Data excerpt:
:::
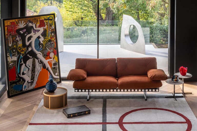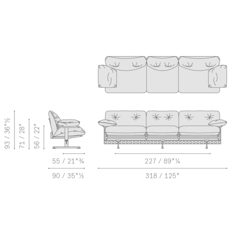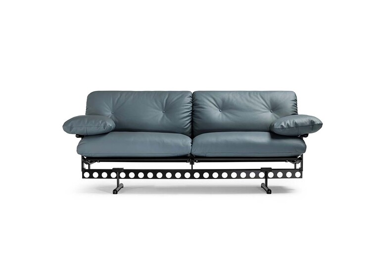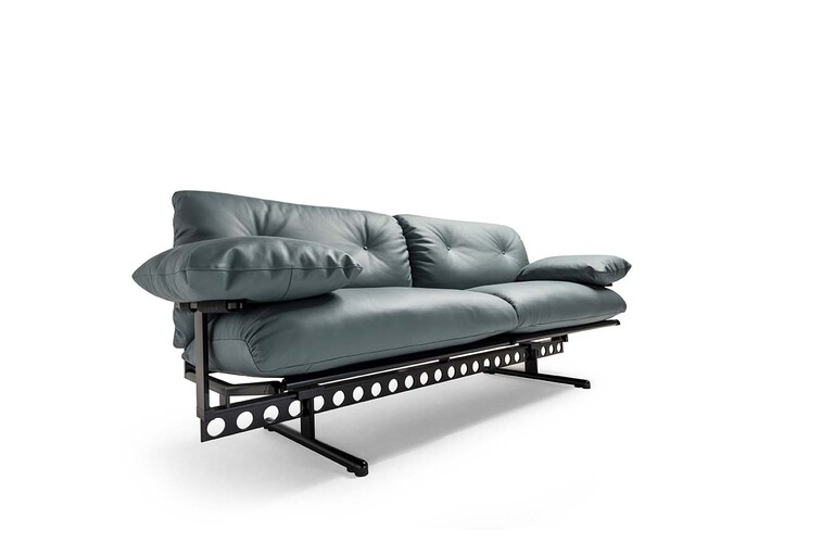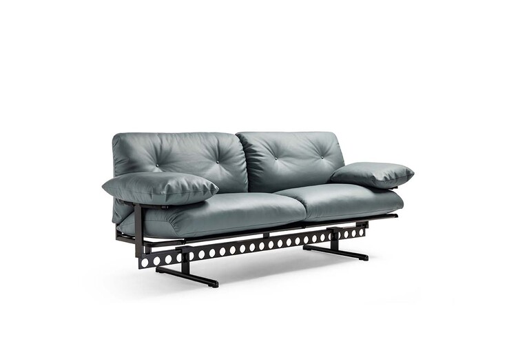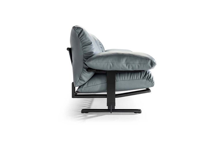 The steel frame is airy and slender. The “T”-shaped beam is separated from the crossbars that support the seat in such a way that the padded part of the sofa appears to float in the air. The load-bearing beam, free of joints, is connected by aluminium profiles in a sophisticated play on interconnections that are clearly visible from the side. The high-tech aesthetic of the metal parts, all of which are finished with matt black epoxy powder paint, contrasts with the warmth and softness of the cushions.
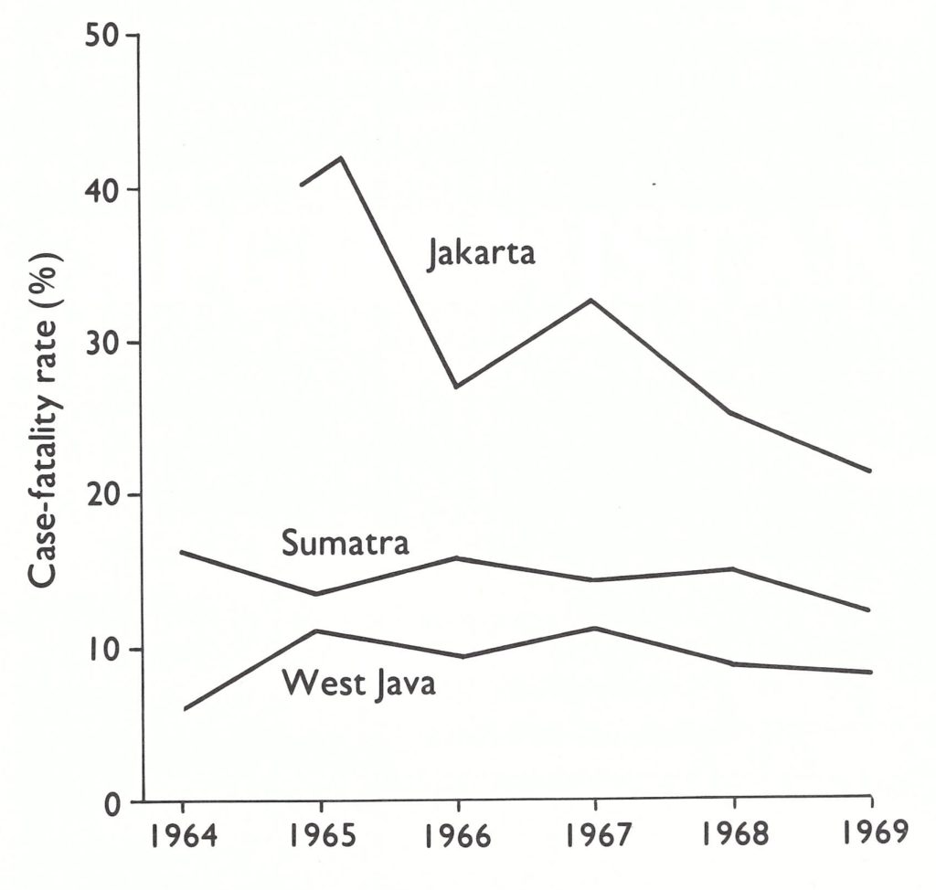 Fig. 13.11. Jakarta, Sumatra, and West Java: smallpox case-fatality rates, 1964-1969.
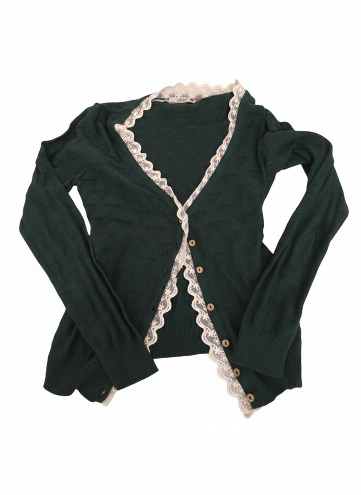 Fitted kesim, uzun kollu yeşil triko hırka, V yaka ve dantel detaylı. Normal midi boyda, vintage goth tarzında, günlük kullanım için uygundur.
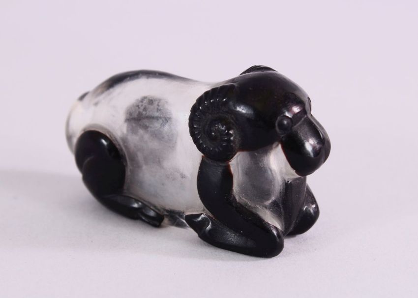A GOOD CHINESE PEKING GLASS SNUFF BOTTLE - RECUMBENT RAM - the ram in a recumbent position , the opening to the rear of the animal, 6.5cm
:::
Problem to work on:
Every line of the material should be repeated precisely; pictures are to be excluded.

Exercise solution:
 The steel frame is airy and slender. The “T”-shaped beam is separated from the crossbars that support the seat in such a way that the padded part of the sofa appears to float in the air. The load-bearing beam, free of joints, is connected by aluminium profiles in a sophisticated play on interconnections that are clearly visible from the side. The high-tech aesthetic of the metal parts, all of which are finished with matt black epoxy powder paint, contrasts with the warmth and softness of the cushions.
 Fig. 13.11. Jakarta, Sumatra, and West Java: smallpox case-fatality rates, 1964-1969.
 Fitted kesim, uzun kollu yeşil triko hırka, V yaka ve dantel detaylı. Normal midi boyda, vintage goth tarzında, günlük kullanım için uygundur.
A GOOD CHINESE PEKING GLASS SNUFF BOTTLE - RECUMBENT RAM - the ram in a recumbent position , the opening to the rear of the animal, 6.5cm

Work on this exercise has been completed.